*DATA TO USE*

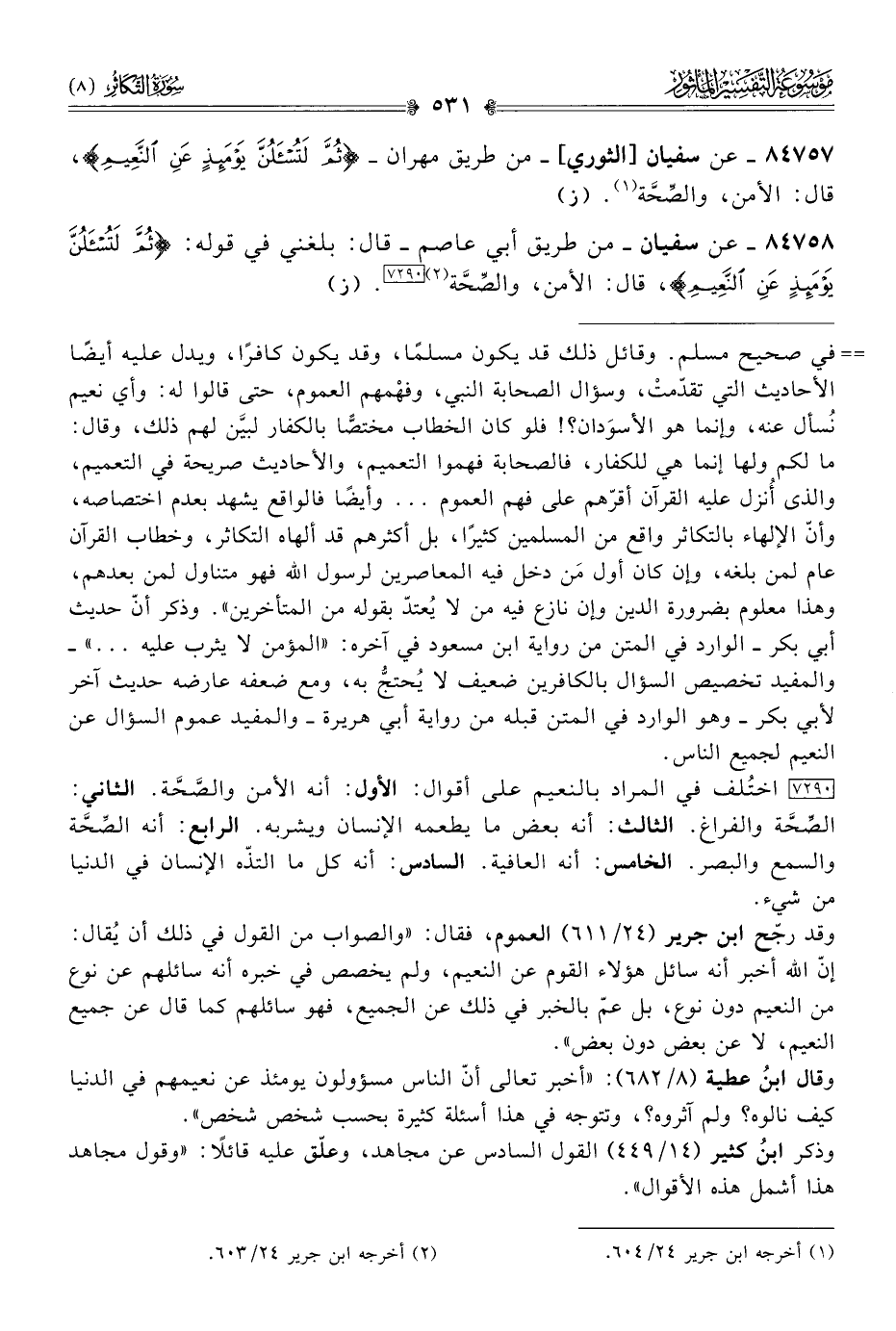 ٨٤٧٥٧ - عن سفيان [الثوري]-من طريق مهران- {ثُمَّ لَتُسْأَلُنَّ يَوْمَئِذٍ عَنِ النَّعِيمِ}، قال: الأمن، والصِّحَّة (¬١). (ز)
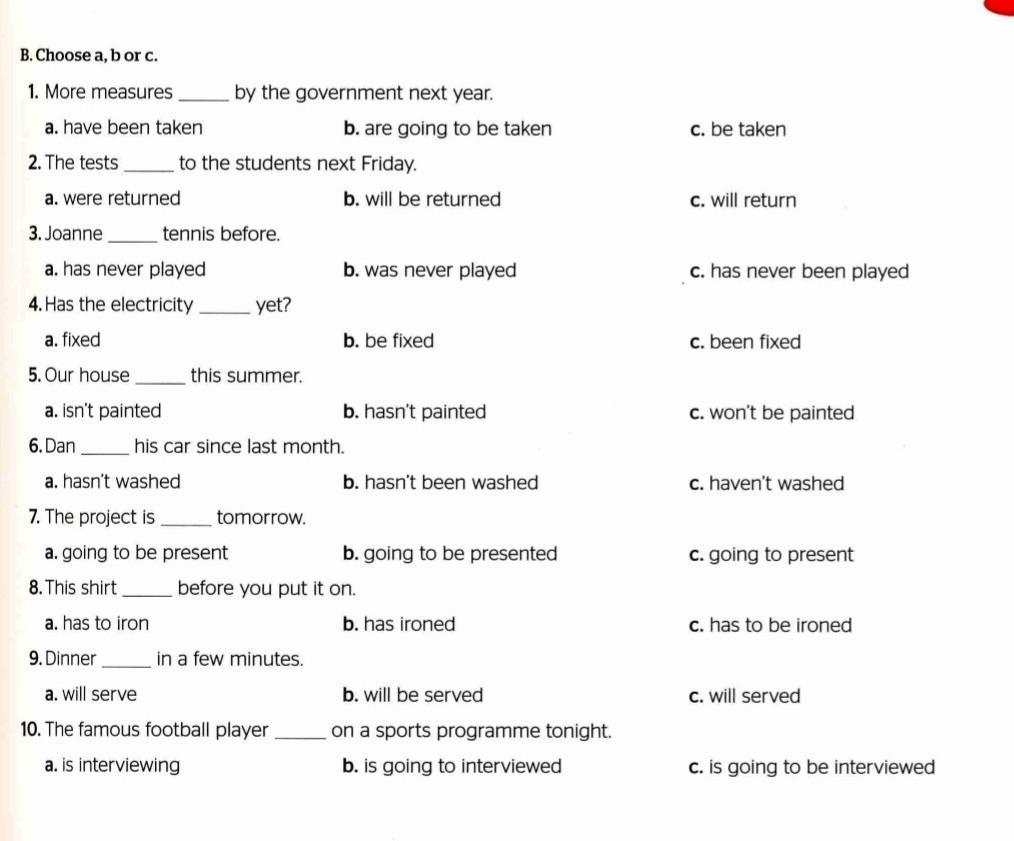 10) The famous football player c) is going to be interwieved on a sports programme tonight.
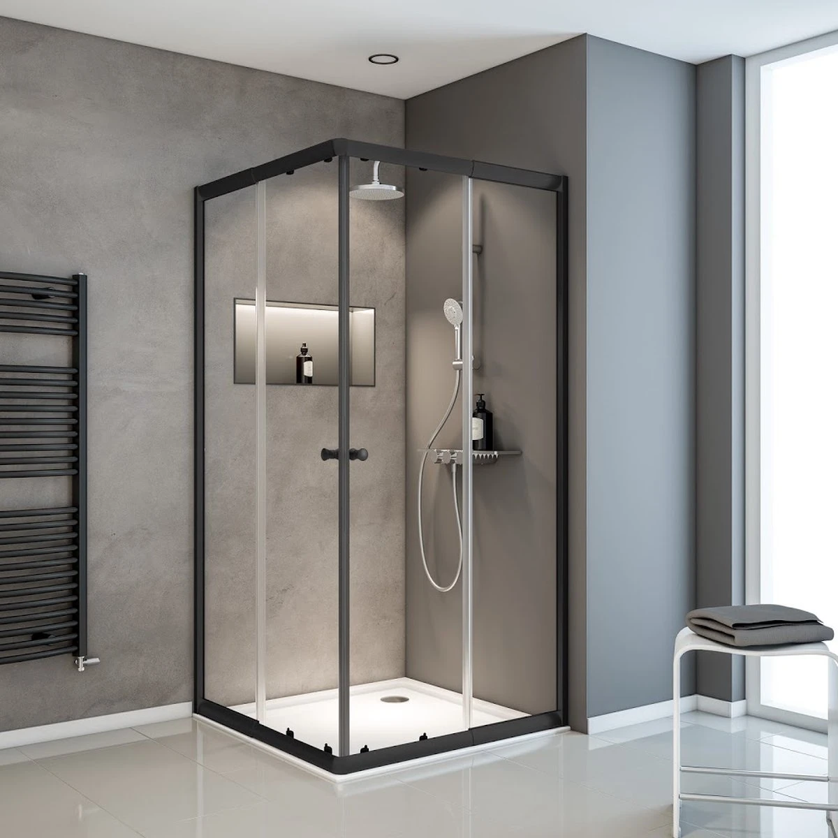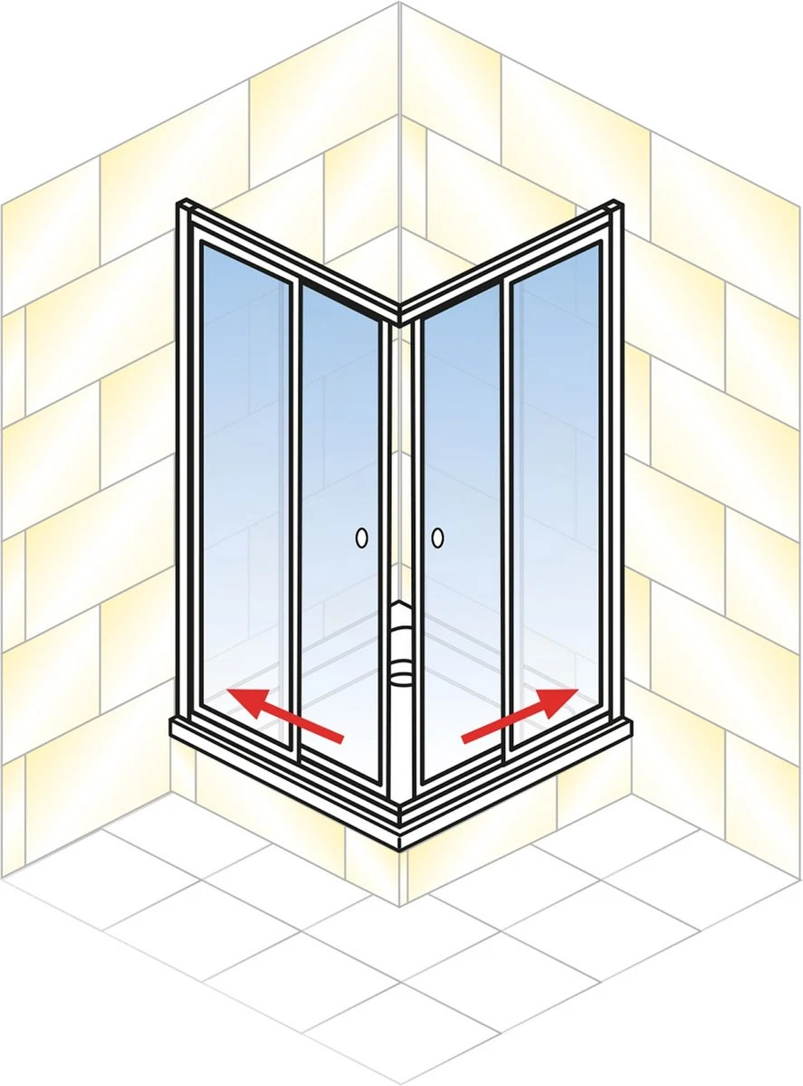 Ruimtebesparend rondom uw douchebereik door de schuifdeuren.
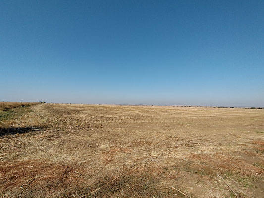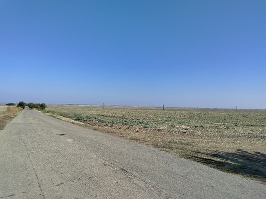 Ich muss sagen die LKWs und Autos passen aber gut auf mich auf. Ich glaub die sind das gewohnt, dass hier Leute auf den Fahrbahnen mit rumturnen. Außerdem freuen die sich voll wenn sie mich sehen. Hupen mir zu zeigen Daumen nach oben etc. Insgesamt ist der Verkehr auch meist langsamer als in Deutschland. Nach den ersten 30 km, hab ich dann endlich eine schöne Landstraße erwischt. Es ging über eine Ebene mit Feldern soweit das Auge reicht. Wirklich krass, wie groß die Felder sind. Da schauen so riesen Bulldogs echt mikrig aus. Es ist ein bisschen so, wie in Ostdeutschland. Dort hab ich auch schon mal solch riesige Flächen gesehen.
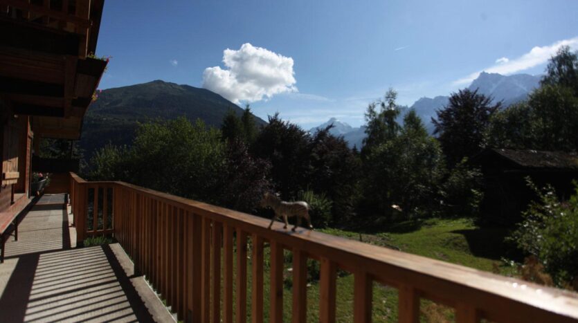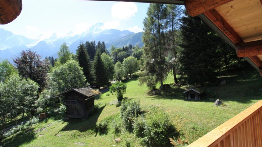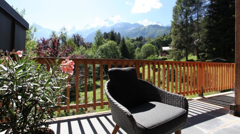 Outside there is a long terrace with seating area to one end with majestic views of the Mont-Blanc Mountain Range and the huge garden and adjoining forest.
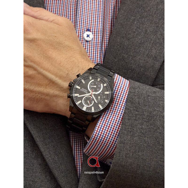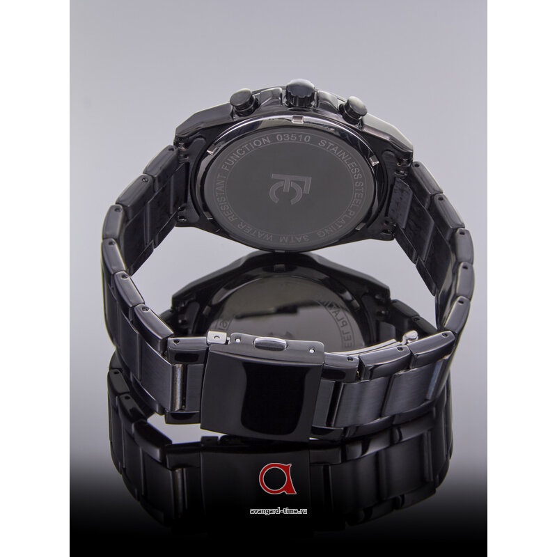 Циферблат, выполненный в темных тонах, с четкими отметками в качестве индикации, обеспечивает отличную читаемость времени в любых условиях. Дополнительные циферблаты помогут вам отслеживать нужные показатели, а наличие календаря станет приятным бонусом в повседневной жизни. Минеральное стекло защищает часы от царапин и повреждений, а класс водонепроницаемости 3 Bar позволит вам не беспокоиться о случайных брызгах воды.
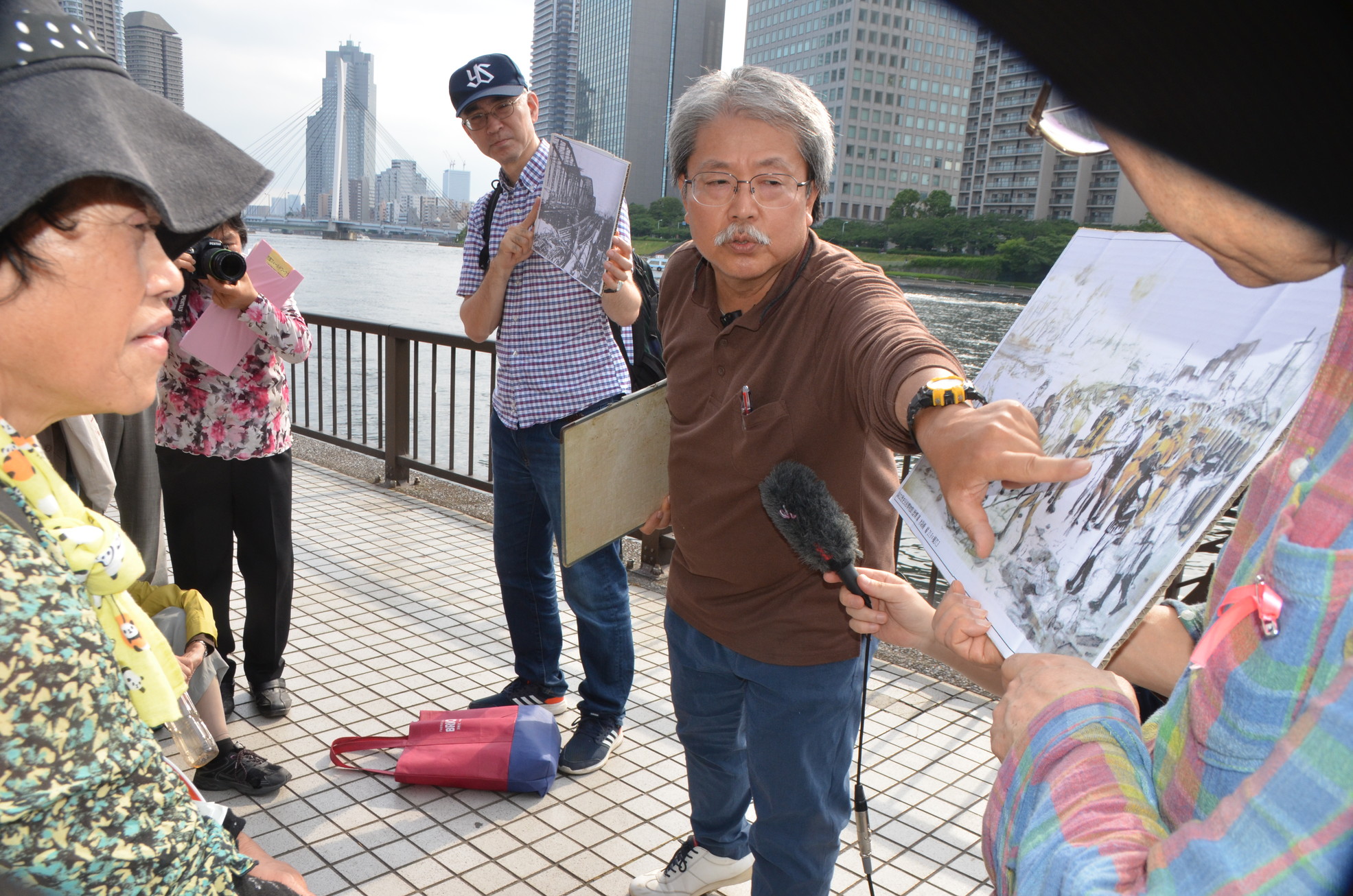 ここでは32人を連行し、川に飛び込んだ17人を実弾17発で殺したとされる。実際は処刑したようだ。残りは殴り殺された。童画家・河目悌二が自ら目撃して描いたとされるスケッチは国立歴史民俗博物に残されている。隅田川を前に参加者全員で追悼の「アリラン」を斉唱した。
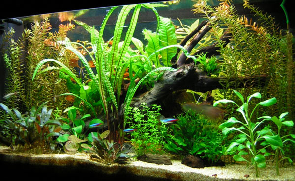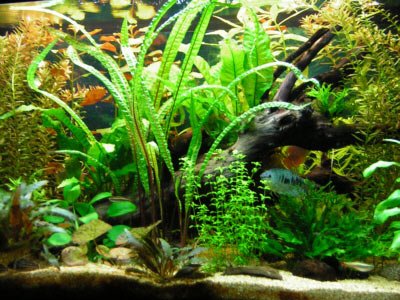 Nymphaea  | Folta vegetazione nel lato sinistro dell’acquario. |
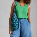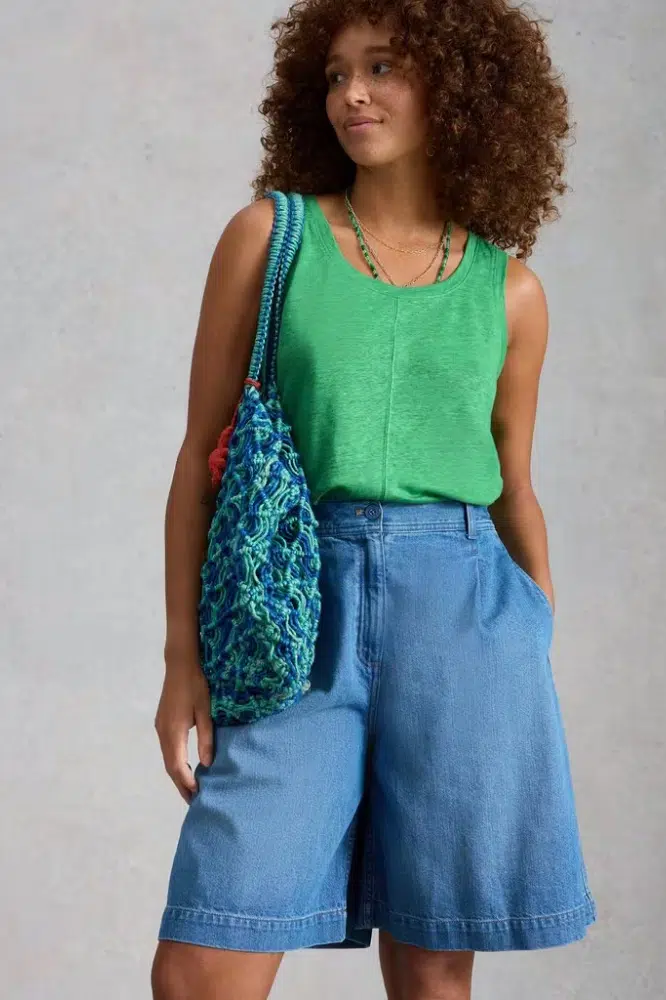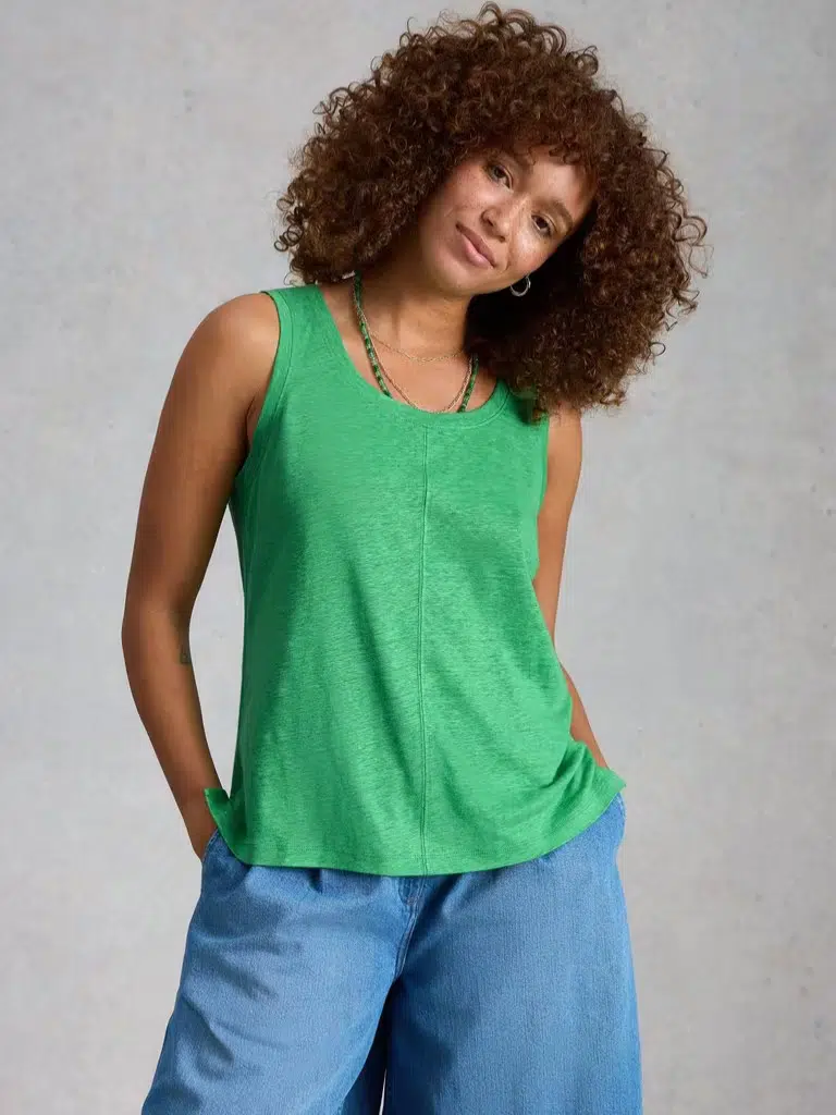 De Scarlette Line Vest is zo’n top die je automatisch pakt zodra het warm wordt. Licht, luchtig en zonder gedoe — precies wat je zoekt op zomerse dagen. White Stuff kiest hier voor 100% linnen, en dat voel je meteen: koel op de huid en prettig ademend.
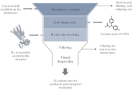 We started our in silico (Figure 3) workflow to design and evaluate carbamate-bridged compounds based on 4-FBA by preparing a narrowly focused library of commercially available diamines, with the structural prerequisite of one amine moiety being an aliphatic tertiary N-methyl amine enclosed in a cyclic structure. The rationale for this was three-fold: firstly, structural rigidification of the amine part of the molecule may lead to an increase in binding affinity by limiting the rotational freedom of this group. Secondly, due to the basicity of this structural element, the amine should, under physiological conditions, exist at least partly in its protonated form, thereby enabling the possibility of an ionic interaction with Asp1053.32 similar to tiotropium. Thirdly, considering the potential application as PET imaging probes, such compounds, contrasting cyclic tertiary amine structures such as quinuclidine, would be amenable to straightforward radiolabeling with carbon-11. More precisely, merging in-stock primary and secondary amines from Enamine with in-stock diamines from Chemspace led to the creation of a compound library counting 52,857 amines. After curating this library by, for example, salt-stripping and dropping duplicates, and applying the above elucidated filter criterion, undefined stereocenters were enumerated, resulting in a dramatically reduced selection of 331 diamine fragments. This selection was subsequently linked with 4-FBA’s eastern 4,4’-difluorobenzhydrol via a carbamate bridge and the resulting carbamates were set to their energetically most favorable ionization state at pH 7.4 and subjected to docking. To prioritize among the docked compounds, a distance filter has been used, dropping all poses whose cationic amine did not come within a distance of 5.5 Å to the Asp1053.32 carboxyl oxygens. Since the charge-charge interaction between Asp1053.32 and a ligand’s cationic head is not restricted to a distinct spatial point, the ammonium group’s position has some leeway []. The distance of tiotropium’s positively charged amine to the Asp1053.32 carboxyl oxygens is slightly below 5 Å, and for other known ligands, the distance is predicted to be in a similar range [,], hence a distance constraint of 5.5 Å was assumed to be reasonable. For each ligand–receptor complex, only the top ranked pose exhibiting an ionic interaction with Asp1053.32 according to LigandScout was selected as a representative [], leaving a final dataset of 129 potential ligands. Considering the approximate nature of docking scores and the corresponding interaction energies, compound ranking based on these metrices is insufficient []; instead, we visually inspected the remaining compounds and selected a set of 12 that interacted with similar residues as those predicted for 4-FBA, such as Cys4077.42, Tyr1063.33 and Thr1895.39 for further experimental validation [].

*TASK DETAILS*
Using the records above, print exactly the lines between the ones containing "10) The famous" and "Ruimtebesparend rondom uw", inclusive, and nothing else; no pictures.

*OUTPUT BELOW*
 10) The famous football player c) is going to be interwieved on a sports programme tonight.
 Ruimtebesparend rondom uw douchebereik door de schuifdeuren.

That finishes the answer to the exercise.